Старый мир мобилизовал защитные силы, которые со своей стороны также опирались на влиятельную идеологию. Ею стал консерватизм, направленный как против восстания черни, так и против взлета либерального капитализма. Наконец, сформировался политический католицизм, представлявший собой реакцию мало затронутого новациями и сохранившего традиции населения в Силезии, на Рейне и в Южной Германии на натиск агрессивного прусско-протестантского либерализма и национализма.

Так возникли различные учения, которые пропагандировались политическими журналами и парламентскими фракциями, постепенно приобретавшими черты политических партий. Это стало очевидным, когда в конце 1850-х гг. произошел экономический обвал, вновь ожививший внутриполитическую жизнь. Появились первые устойчивые самостоятельные рабочие организации. Сын богатого еврейского торговца из Бреслау, зажигательный оратор и блестящий публицист Фердинанд Лассаль (1825-64), к которому Маркс всегда испытывал жгучую политическую ревность, в 1863 г. создал «Всеобщий германский рабочий союз». Почти одновременно токарь Август Бебель (1840–1913) и журналист Вильгельм Либкнехт (1826–1900) основали «Объединение немецких рабочих союзов», ставшее прообразом будущей Социал-демократической партии Германии.

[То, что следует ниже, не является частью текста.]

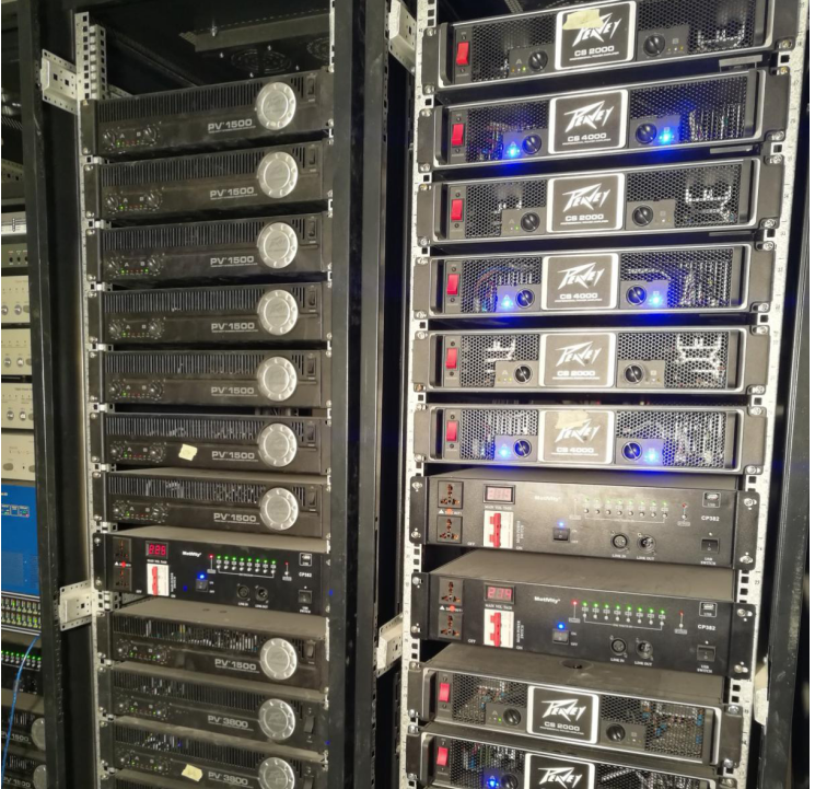 扩声系统均采用Peavey专业功率放大器驱动,除保证声音的一致性以外,更重要的是CS系列功放以及PV系列功放具备的DDT专利技术。通过该技术可实时地自动验收信号电平大小,在输出功率过载的情况下,常规放大器可能已经开始输送削顶的方波信号而具备DDT专利技术的Peavey放大器却能够在限制输出电平的同时,保留还原平滑原始的波形信号。
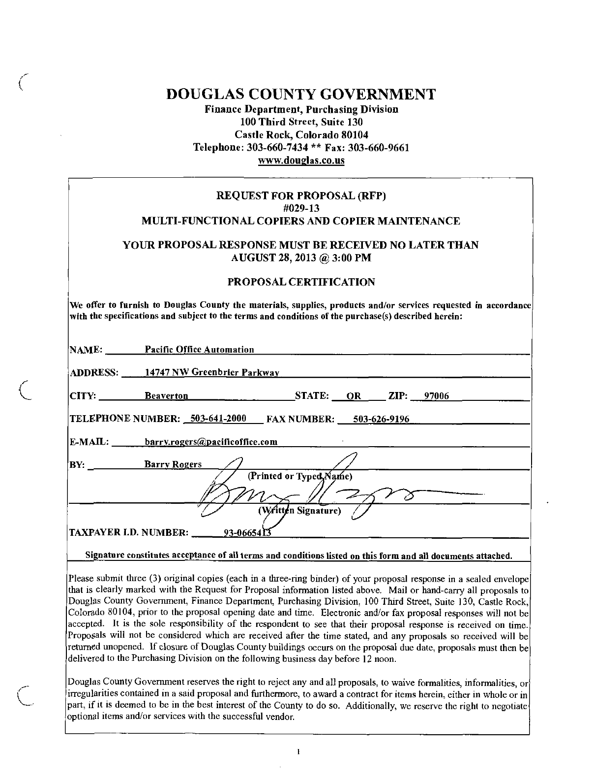 Colorado 80104, prior to the proposal opening date and time. Electronic andlor fax proposal responses will not be

Вновь оживился и парламентский либерализм. С 1858 г. в Пруссии стал править Вильгельм, принц Прусский, младший брат Фридриха Вильгельма IV, который в связи с психическим расстройством отошел от государственных дел. К всеобщему изумлению, слывший прежде ярым реакционером регент смягчил цензуру и назначил либеральное правительство. Однако, став королем, Вильгельм быстро оказался в конфликте с либеральным большинством ландтага, когда против воли депутатов начал военную реформу, по которой увеличивались численность армии и срок службы. К тому же Вильгельм намеревался практически ликвидировать ландвер, этот гражданский противовес регулярной армии, в котором числились вышедшие в запас военные после армейской службы. Возбуждение и негодование либералов в связи с этим достигли предела, их противоречия с правящим союзом короны, армии и аграрного дворянства переросли в острый конституционный конфликт.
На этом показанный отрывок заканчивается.